比如你有一个二维数组a，你有一个索引序列数组a_idx,len(a)==len(a_idx), a_idx.shape[1] = k,表示每行取k个元素，a_idx的每一行的值表示要取的对应的列索引，每行列索引都不一样；这样的索引我称为多行混合索引，无法直接使用a[a_idx]

In [2]:
a = np.array([[1.2, 1.4, 1.12, 2.3], [2.1, 2.12, 1.56, 1.74], [3.23, 2.12, 4.23, 2.34]])

In [3]:
a

array([[1.2 , 1.4 , 1.12, 2.3 ],
       [2.1 , 2.12, 1.56, 1.74],
       [3.23, 2.12, 4.23, 2.34]])

In [90]:
k = 3  # 每行取得元素个数必须相同，否则无法直接构造成数组
a_idx = np.array([[0,3,2], [1,2,3], [0,1,2]])  # 想取数组a第一行的0,3,2元素，第二行的1，2，3元素，第三行的0,1,2元素

In [92]:
a[
    np.repeat(np.arange(len(a_idx)), k),
    a_idx.ravel()].reshape(len(a_idx), k)

array([[1.2 , 2.3 , 1.12],
       [2.12, 1.56, 1.74],
       [3.23, 2.12, 4.23]])

# Parallel Processing in Python

In [8]:
import multiprocessing as mp


In [4]:
np.random.RandomState(100)
arr = np.random.randint(0, 10, size=[2000000, 5])
data = arr.tolist()

In [5]:
def howmany_within_range(row, minimum, maximum):
    """Returns how many numbers lie within `maximum` and `minimum` in a given `row`"""
    count = 0
    for n in row:
        if minimum <= n <= maximum:
            count = count + 1
    return count

In [6]:
results = []
for row in data:
    results.append(howmany_within_range(row, minimum=4, maximum=8))


In [11]:
mp.cpu_count() // 2

4

In [12]:

# Step 1: Init multiprocessing.Pool()
pool = mp.Pool(mp.cpu_count()// 2)

# Step 2: `pool.apply` the `howmany_within_range()`
results = [pool.apply(howmany_within_range, args=(row, 4, 8)) for row in data]

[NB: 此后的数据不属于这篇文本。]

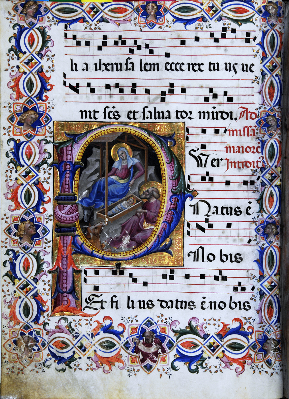 Iniziale fogliata grande con storia e fregio sui quattro margini P(uer natus est), rubr. Ad missam maiorem. Introitus. Corpo della lettera rosa decorato con cornici perlate annodate, anelli e foglie verdi, azzurre e arancioni. Il fregio è separato e realizzato secondo un'impostazione geometrica in cui si alternano losanghe diamantate, foglie e dieci cornici polilobate con dentro testine rivolte verso la scena principale e una figura di Profeta a mezzobusto con il cartiglio srotolato. Sul fondo della lettera è la scena della Natività ambientata in un paesaggio roccioso: in primo piano sono Giuseppe, seduto e con la testa rivolta verso la Vergine, il bue e l'asino. In secondo piano e la capanna lignea sotto la quale sono il piccolo Gesù avvolto in fasce dentro la mangiatoria e la Vergine distesa appoggiata al braccio
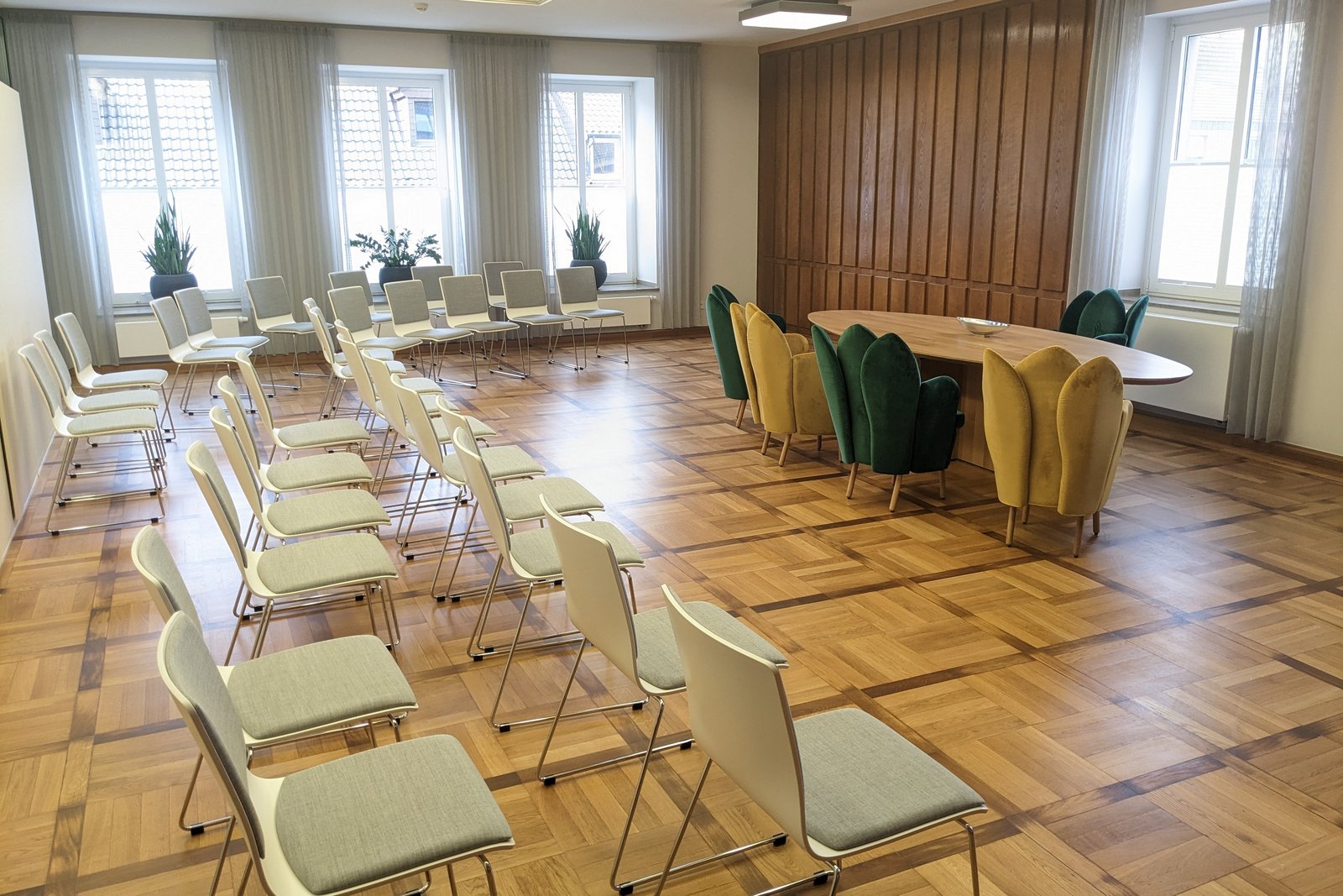 Im umgebauten, ehemaligen Ratssaal befindet sich seit kurzem das neue Trauzimmer im Rathaus. Bis zu 35 Gäste können bei einer Trauung in stilvoll-modernem Ambiente dabei sein. Nach der Trauung bietet das geräumige Foyer ausreichend Platz für einen Sektumtrunk. Bei schönem Wetter ist dies auch draußen auf dem Marktplatz möglich.
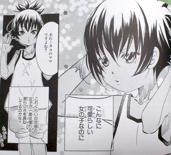 今回のお話の中で注目は、ぴかりと新キャラ岬こころとの出会い、文化祭前夜に起きた姉ちゃん先輩と黒髪の美少年「ピーター」との不思議な出会い。岬こころは、あまんちゅ!では初の子供のキャラ、ARIAの灯とアイちゃんのような先輩後輩を彷彿とさせてくれます。ピーターとの日常から迷い込んだ「非日常」な体験、ピーターが姉ちゃん先輩が自分とは違って「今」を生きる人だと知った時の寂しい表情が印象的な、天野こずえ版ピーターパンとウェンディ。日常を描いた描写が多い分、非日常な夜の学校が映えます。
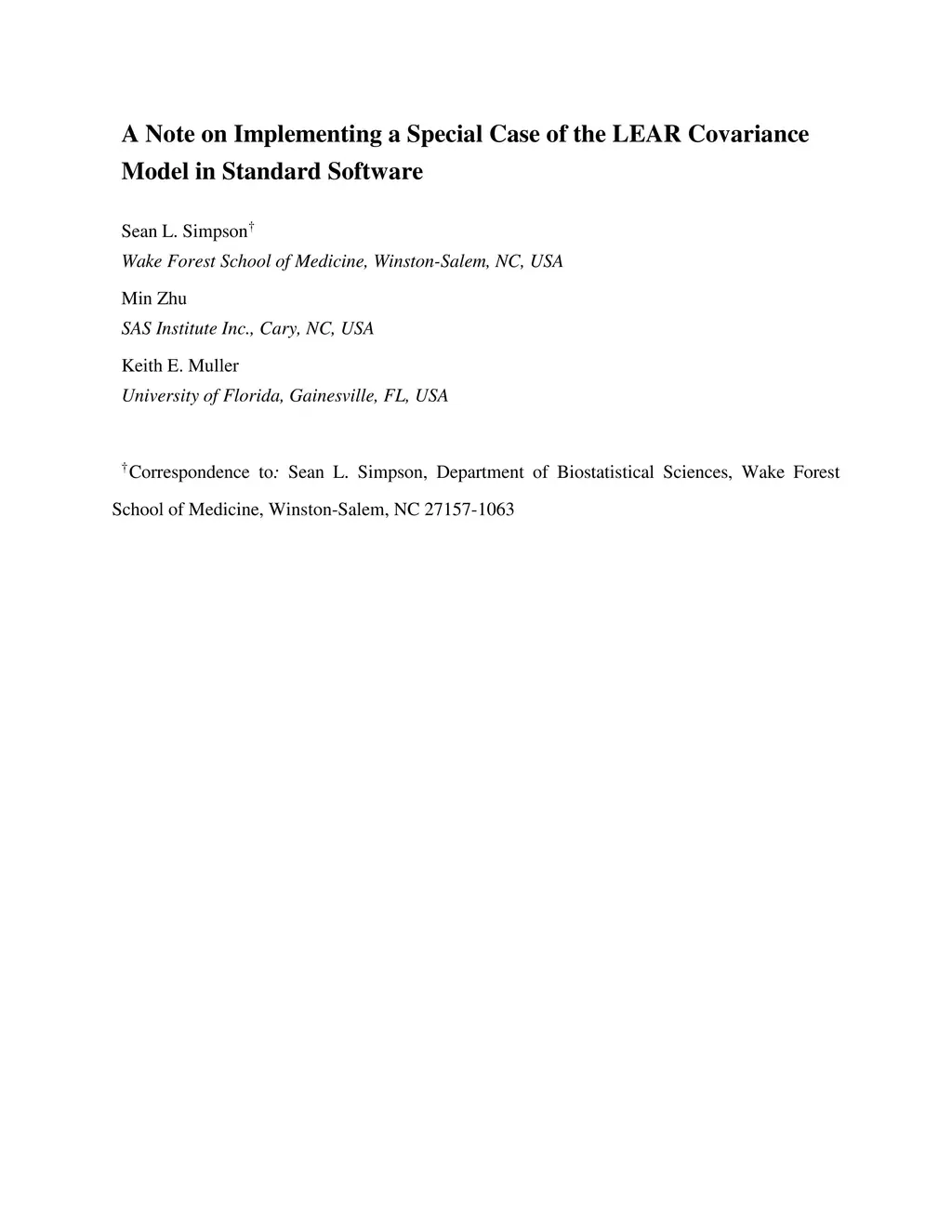 A Note on Implementing a Special Case of the LEAR Covariance Model in
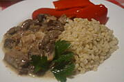 kurczak w sosie pieczarkowym na białym winie z czosnkiem, podany z ryżem
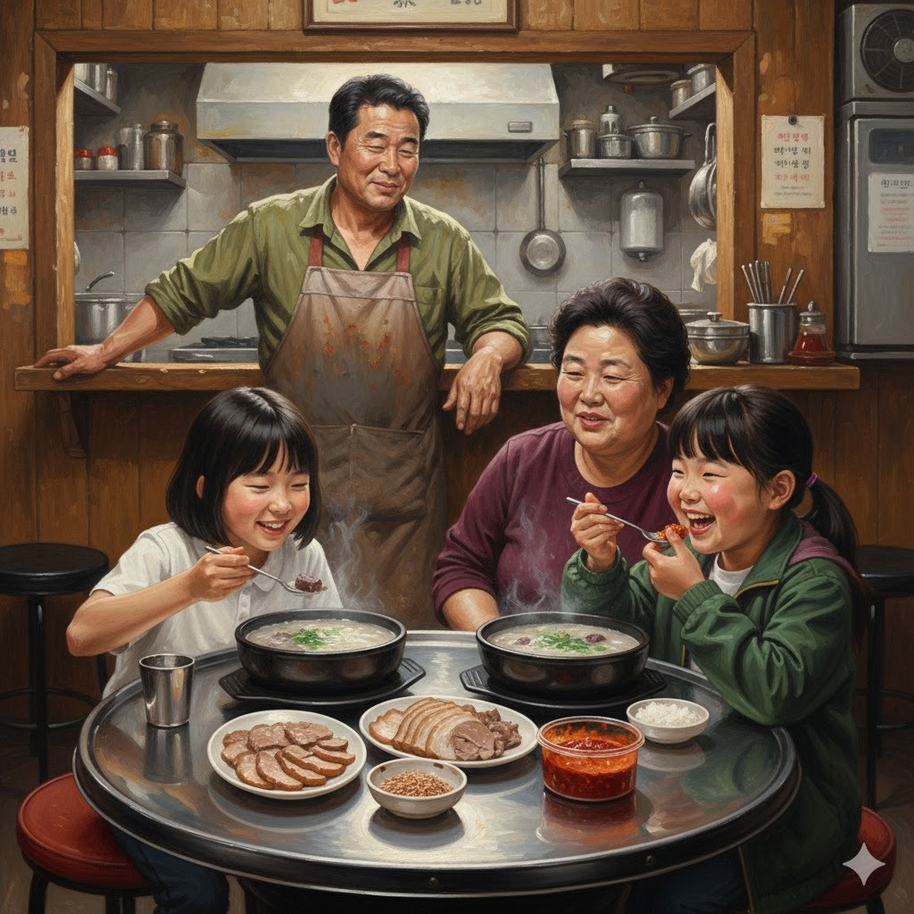 그 맛은 충격이었다. 그녀가 알던 깔끔한 세상과는 완전히 달랐다. 돼지 뼈의 고소하고 텁텁한 맛, 순대 특유의 묵직하고 비릿한 듯 진한 풍미, 그리고 들깻가루가 만들어 낸 구수한 흙내음까지. 그 모든 맛이 섞여 입안에서 거친 폭풍을 일으켰다.
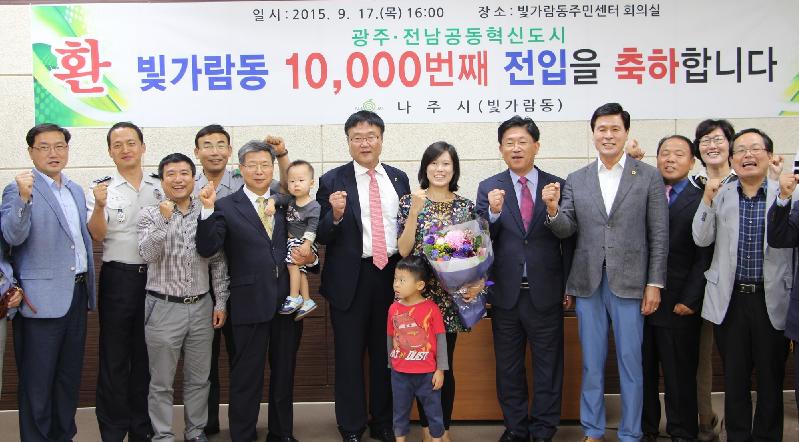 광주·전남공동혁신도시 빛가람동 전입인구가 2014년 2월 24일 공식 업무를 시작한지 1년 7개월만인 9월 15일 1만명을 돌파했다.

# Step 3: Don't forget to close
pool.close()   

Process ForkPoolWorker-2:
Process ForkPoolWorker-4:
Process ForkPoolWorker-1:
Process ForkPoolWorker-3:
Traceback (most recent call last):


# 计算样本间距离并只选出最小的k个距离点

- distance.pdist：计算n维空间X中样本间的两两(成对)距离。 参数：X, metric
- distance.cdist：计算X_A和X_B之间的两两(成对)距离。 参数：XA, XB, metric

- np.partition: 对所给数组按找给定位置进行分割，返回分割后的数组。参数： 给定数组a，及位置索引kth

比如指定kth=10，则表示先确定所给数组第10小的数字为n，则要求返回的数组满足这些条件：n位于第10个位置，前10个元素的值必须小于n，n之后的元素必须大于n，两部分内部的顺序不作要求;kth可以为负数，如-3，则表示按照数组a中第3的元素对a进行分割。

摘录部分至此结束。